Under Stay-at-Home Orders, Alum Launches a Bakery from His Apartment

Stay-at-home orders have given some people time to start a new hobby or two. For David Ayala-Alfonso (MA 2015) and his girlfriend Andrea Ferrero, they started a brand new business. After buying a toaster oven for $42 on store credit, artists Ayala-Alfonso and Ferrero began baking from their Mexico City apartment. They soon realized they might be good enough to join Mexico City's blossoming culture of "ghost kitchens": food crafted exclusively for delivery from people's homes. And the community agreed.
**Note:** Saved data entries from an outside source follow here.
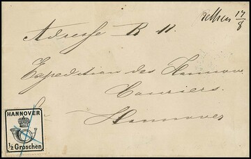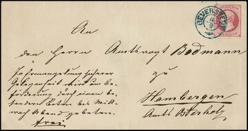 1 Gr. rosa auf seltenem Land-Expreßbrief von Beverstedt (Zier-K2) nach Hambergen b. Osterholz, hs. "In Ermangelung weiterer Gelegenheit wird um Beförderung durch einen besonderen Boten bis Mittwoch abends gebeten", entsprechend rs. "6" Pfg. Landbotenlohn hs. quittiert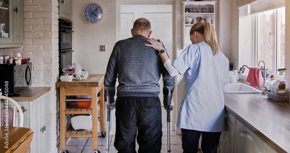 Nurse support senior man in crutches in home kitchen, medical rehabilitation and recovery. Caregiver back, person with a disability walk and help, health and physiotherapy, healing injury or accident
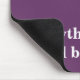 Um mousemat roxo com uma citação latina e a tradução em inglês sob a letra branca. "Tudo tem um pequeno começo" é uma citação do advogado romano, Cícero.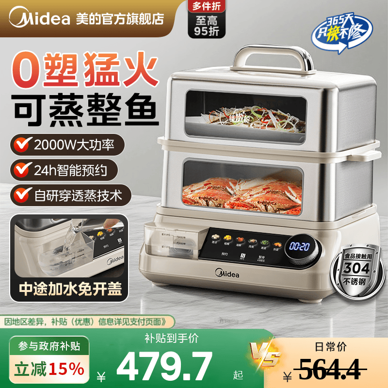美的电蒸锅不锈钢家用多功能三层大容量智能预约电蒸箱一体全自动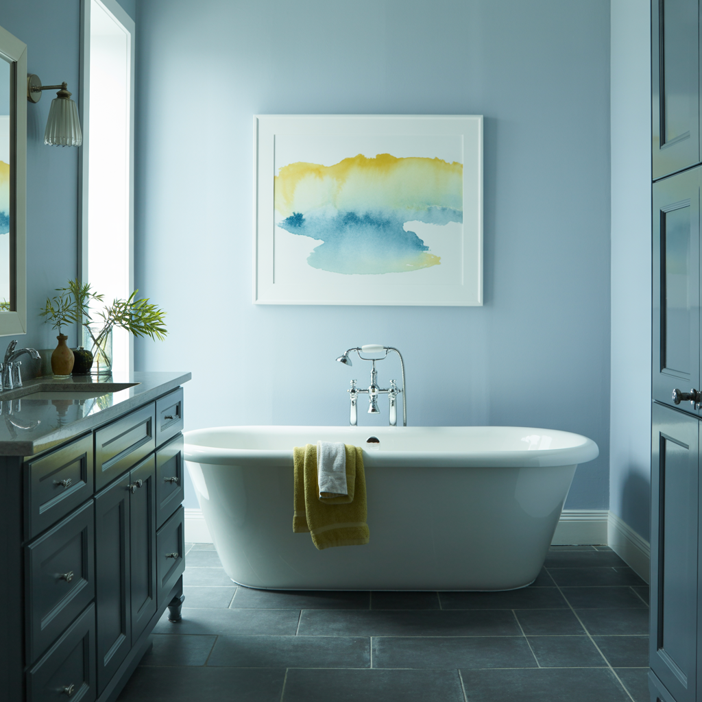 - Hauptwände: Lemon Grass oder Vapor Blue für Helligkeit und Harmonie.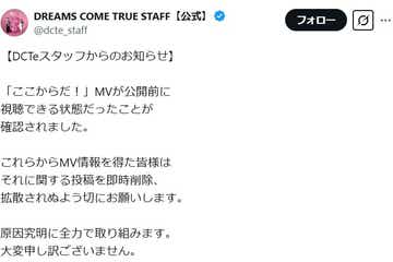 ドリカム、公開前MVが視聴可能状態に 関連投稿削除要請「原因究明に全力で取り組みます」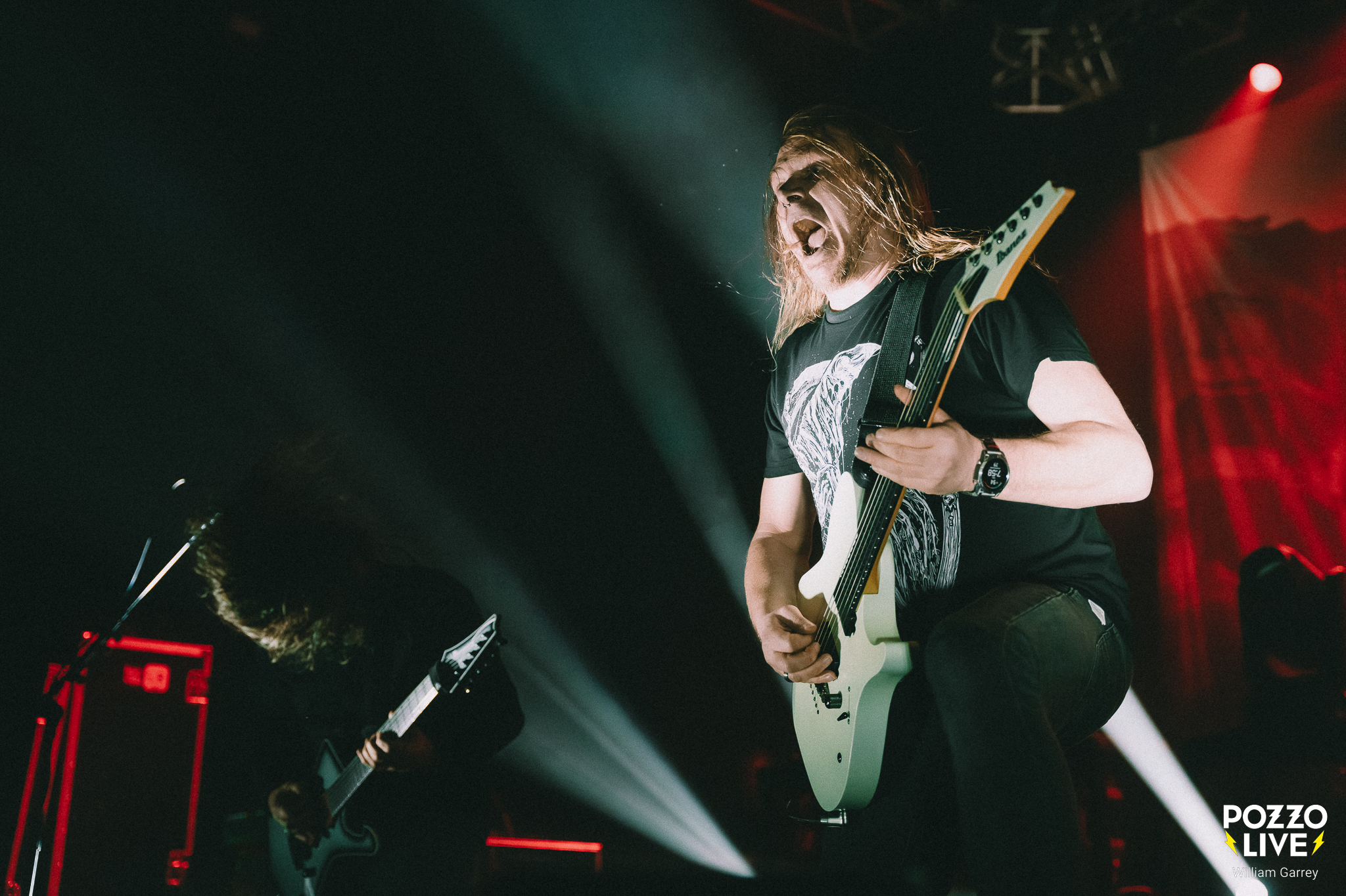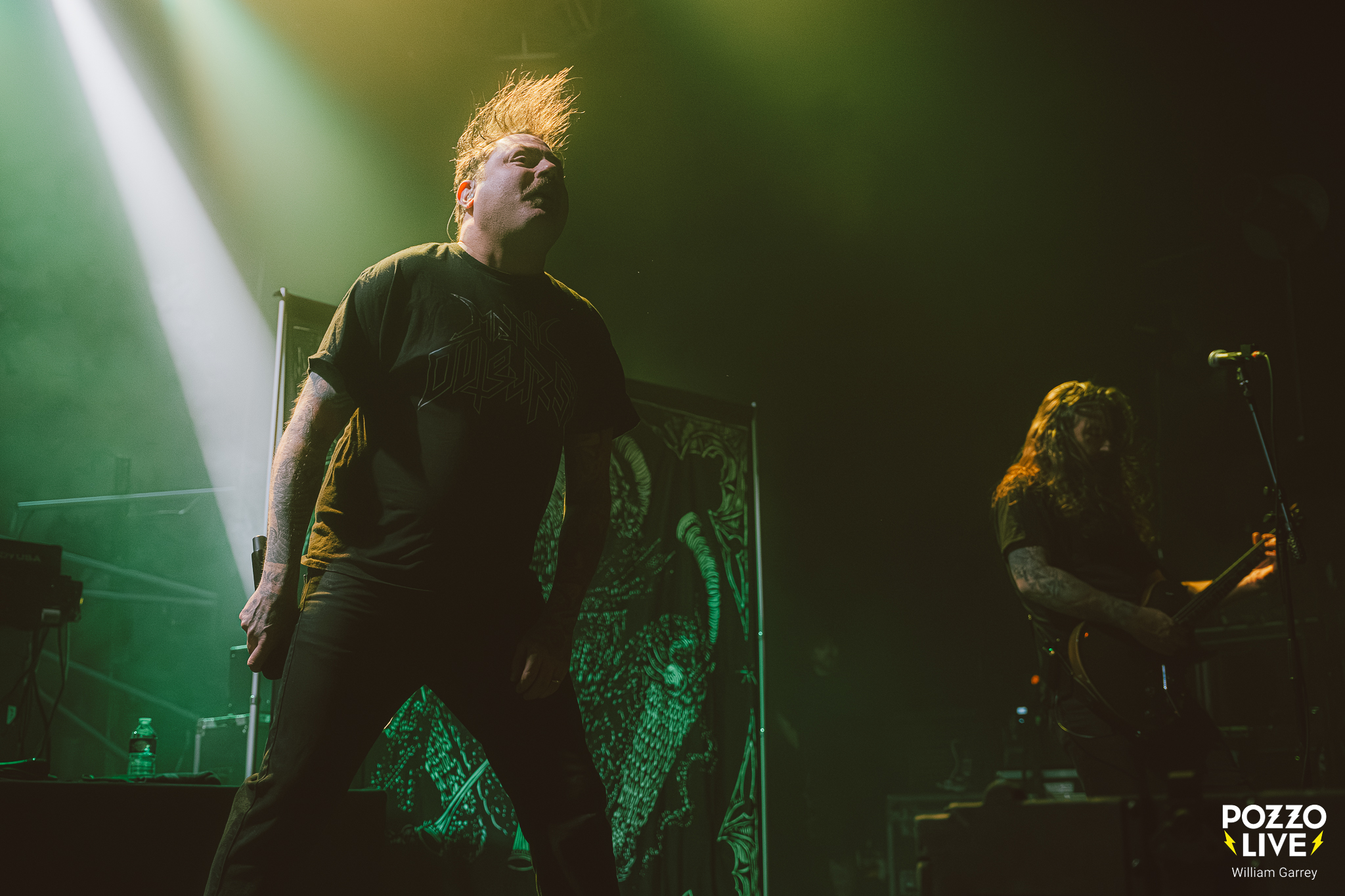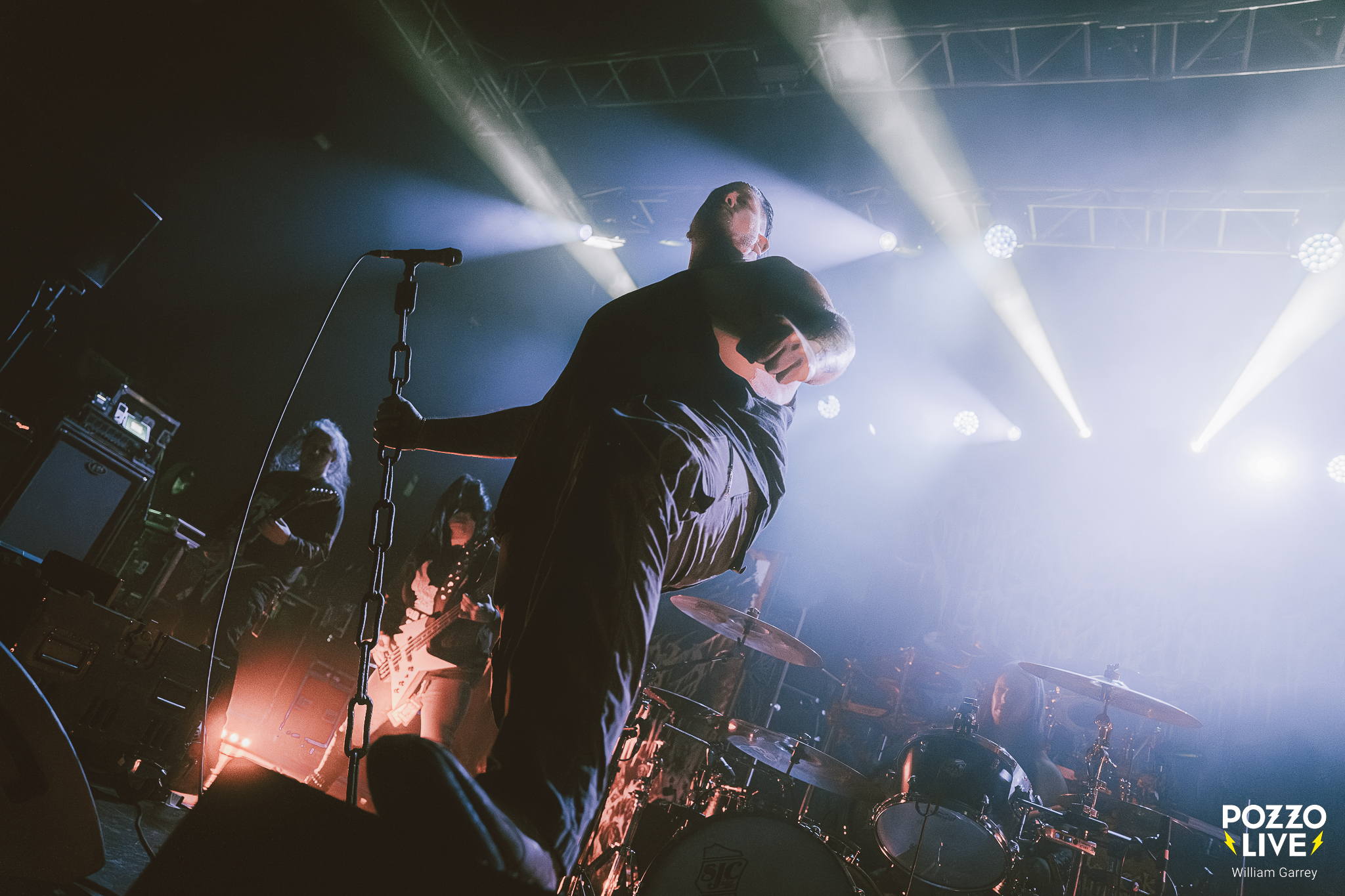 Face à un Transbordeur malheureusement bien trop vide par rapport à la qualité de l’affiche, Frozen Soul fait venir le noir avant son entrée sur scène. La lumière ne reviendra que partiellement, donnant un caractère d’outre-tombe à la scène pour soutenir la lourdeur des riffs. Frozen Soul ne fait pas dans la dentelle, bien au contraire. La musique est massive à l’image du frontman qui impose une prestance scénique imposante. C’est viscéral, bestial, sans concession.

Thanks to popularity driven by their Instagram page, Cuarentena Baking (Quarantine Baking) upgraded to a bigger apartment—with a real oven—to expand their gooey confectionery menu to brownies, doughnuts, babkas, cakes, and sourdough bread. Their entrepreneurship has not been without some growing pains. Ayala-Alfonso is a curator and Ferrero is a sculptor, so spending days filling hundreds of food orders, stocking enough ingredients, and researching "why is my cake falling down" on YouTube was not always in their career trajectory. They're getting better, though. And best of all, they're forming their own network of dessert lovers. “You’re already interacting on social media more because of quarantine, so people actually talk to us,” Ayala-Alfonso said in an article for the New York Times. “Our account is a support line.”